◆ **Provided material**
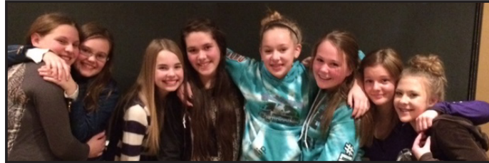
7TH GRADERS FROM NORTHWOOD MIDDLE SCHOOL ARE "MAKING A STATEMENT" AT THE SERVICE STATION!

We asked the girls the following question:
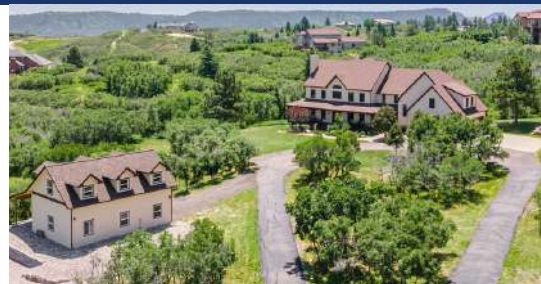
1091 Colt Circle Castle Rock CO 80109

◆ **Task description**
Write out the data exactly, but not its pictures.

◆ **Task result**
7TH GRADERS FROM NORTHWOOD MIDDLE SCHOOL ARE "MAKING A STATEMENT" AT THE SERVICE STATION!

We asked the girls the following question:
1091 Colt Circle Castle Rock CO 80109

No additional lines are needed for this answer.